Where one series of rocks is covered by another without any break or discordance in the stratification they are said to be conformable. But where the older series has been tilted up or visibly denuded before being overlain by the younger, the latter is termed unconformable. This relation is one of the greatest value in structural geology, for it marks a gap in the geological record, which may represent a vast lapse of time not there recorded by strata.

PART VI.-PALAEONTOLOGICAL GEOLOGY

This division of the science deals with fossils, or the traces of plants and animals preserved in the rocks of the earth's crust, and endeavours to gather from them information as to the history of the globe and its inhabitants. The term "fossil" (Lat. fossilis, from fodere, to dig up), meaning literally anything dug up," was formerly applied indiscriminately to any mineral substance taken out of the earth's crust, whether organized or not. Since the time of Lamarck, however, the meaning of the word has been restricted, so as to include only the remains or traces of plants and animals preserved in any natural formation whether hard rock or superficial deposit. It includes not merely the petrified structures of organisms, but whatever was directly connected with or produced by these organisms. Thus the resin which was exuded from trees of long-perished forests is as much a fossil as any portion of the stem, leaves, flowers or fruit, and in some respects is even more valuable to the geologist than more determinable remains of its parent trees, because it has often preserved in admirable perfection the insects which flitted about in the woodlands. The burrows and trails of a worm preserved in sandstone and shale claim recognition as fossils, and indeed are commonly the only indications to be met with of the existence of annelid life among old geological formations. The droppings of fishes and reptiles, called coprolites, are excellent fossils, and tell their tale as to the presence and food of vertebrate life in ancient waters. The little agglutinated

cases of the caddis-worm remain as fossils in formations from which, perchance, most other traces of life may have passed away. Nay, the very handiwork of man, when preserved in any natural manner, is entitled to rank among fossils; as where his flint-implements have been dropped into the prehistoric gravels of river-valleys or where his canoes have been buried in the silt of lake-bottoms.

A study of the land-surfaces and sea-floors of the present time shows that there are so many chances against the conservation of the remains of either terrestrial or marine animals and plants that if, as is probable, the same conditions existed in former geological periods, we should regard the occurrence of organic remains among the stratified formations of the earth's crust as generally the result of various fortunate accidents.

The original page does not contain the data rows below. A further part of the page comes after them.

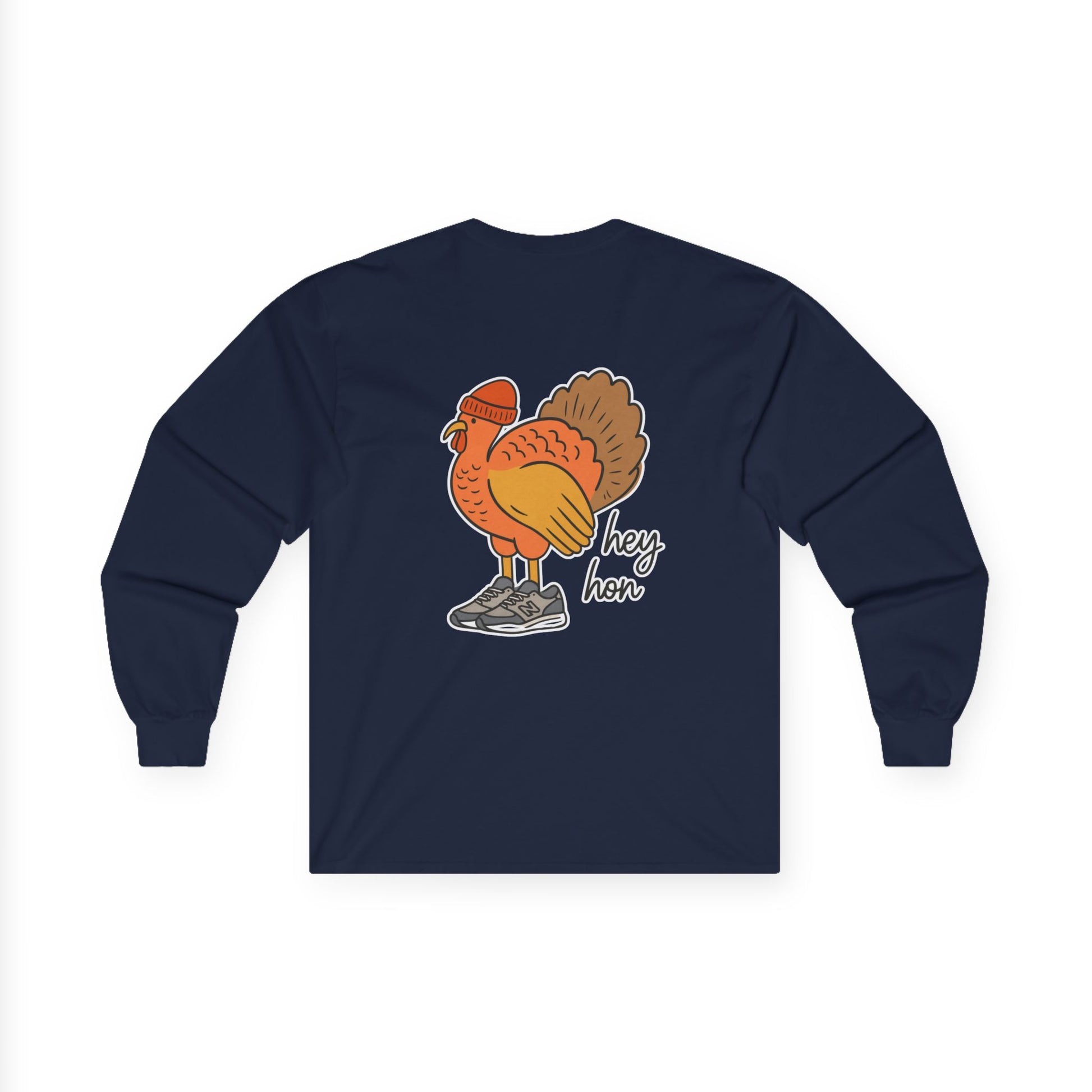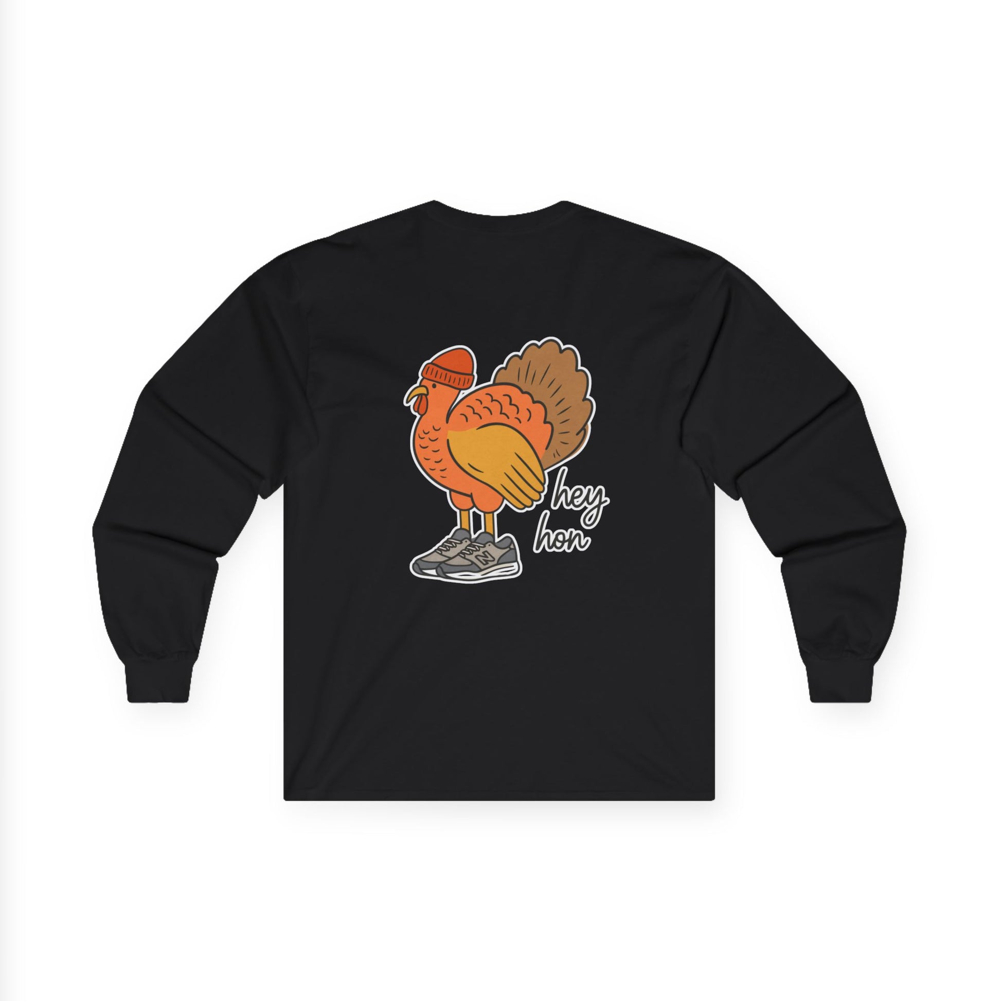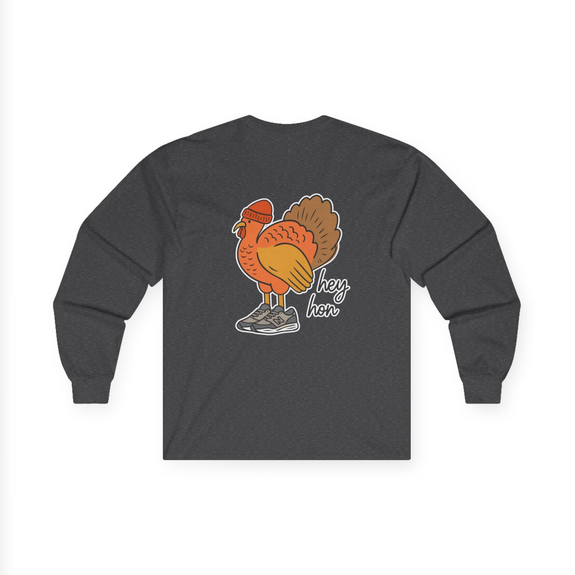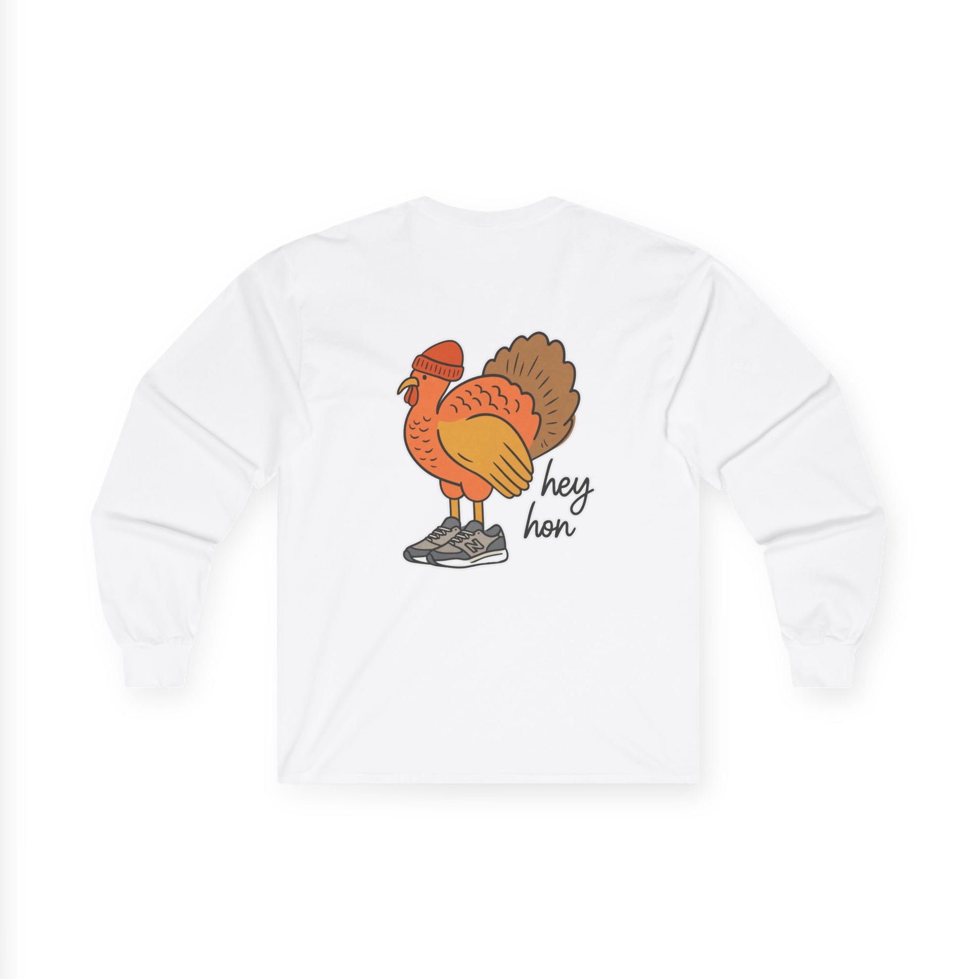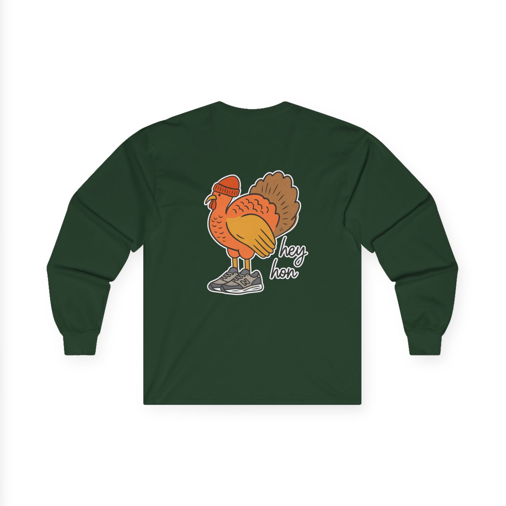 Illustration: Turkey in beanie + New Balances, “hey hon” script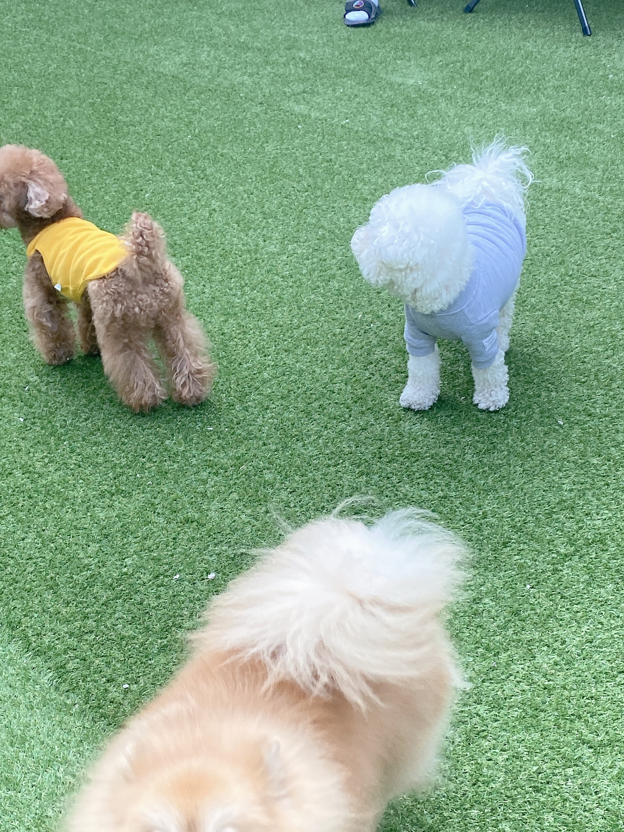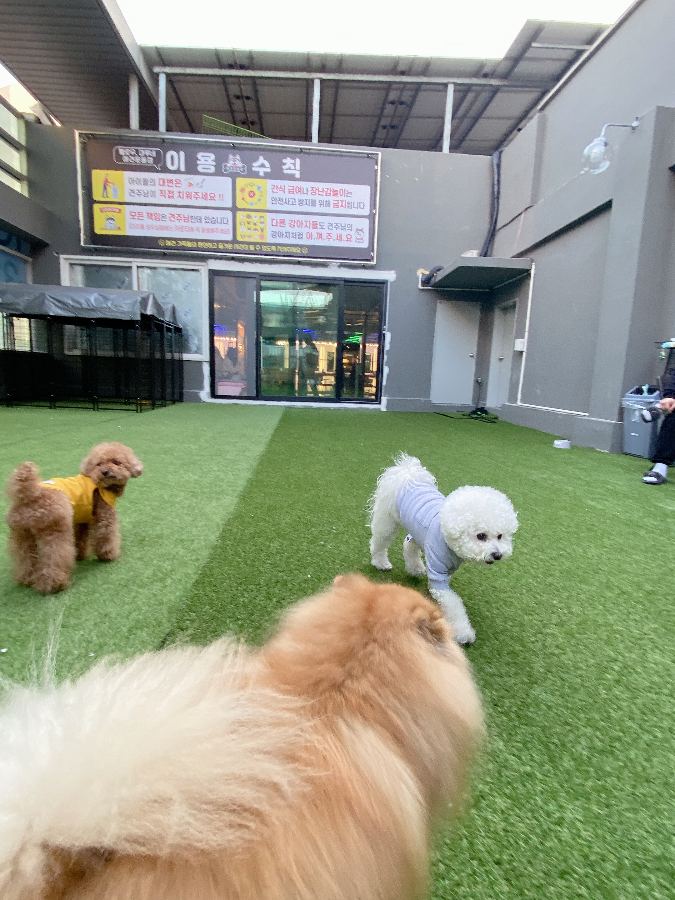 애견카페 오면 신나게 뛰뛰하고 친구들이랑 똥꼬 냄새도 맡으러 댕기고 산책할때랑 또 다르게 엄청 좋아해서 제가 덩달아 행복해요 !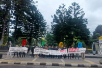 Bandung, Mahasiswa yang tergabung dalam Poros Mahasiswa Bandung Bergerak (PMBB) melakukan aksi unjuk rasa di Taman Dago Cikapayang Kota Bandung Jumat, 27 Februari 2026,…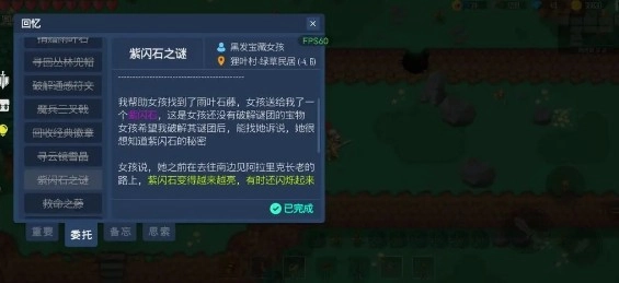 4. 先与工会里的这个小女孩对话,接着前往工会旁边的房子,把雨叶石藤交给她,就能获得紫闪石。紫闪石所指引的位置如图所示,在这个地方,我们会找到繁花秘闻。

Let us consider, in the first place, the chances for the preservation of remains of the present fauna and flora of a country. The surface of the land may be densely clothed with forest and abundantly peopled with animal life. But the trees die and moulder into soil.

The animals, too, disappear, generation after generation, and leave few or no perceptible traces of their existence. If we were not aware from authentic records that central and northern Europe were covered with vast forests at the beginning of our era, how could we know this fact? What has become of the herds of wild oxen, the bears, wolves and other denizens of primeval Europe? How could we prove from the examination of the surface soil of any country that those creatures had once abounded there? The conditions for the preservation of any relics of the plant and animal life of a terrestrial surface must obviously be always exceptional. They are supplied only where the organic remains can be protected from the air and superficial decay Hence they may be observed in (1) the deposits on the floors of lakes; (2) in peat-mosses; (3) in deltas at river-mouths; and (4) under the stalagmite of caverns in limestone districts. But in these and other favourable places a mere infinitesimal fraction of the fauna or flora of a land-surface is likely to be entombed or preserved.

In the second place, although in the sea the conditions for the preservation of organic remains are in many respects more favourable than on land, they are apt to be frustrated by many adverse circumstances. While the level of the land remains stationary, there can be but little effective entombment of marine organisms in littoral deposits; for only a limited accumulation of sediment will be formed until subsidence of the sea-floor takes place. In the trifling beds of sand or gravel thrown up on a stationary shore, only the harder and more durable forms of life, such as gastropods and lamellibranchs, which can withstand the triturating effects of the beach waves, are likely to remain uneffaced.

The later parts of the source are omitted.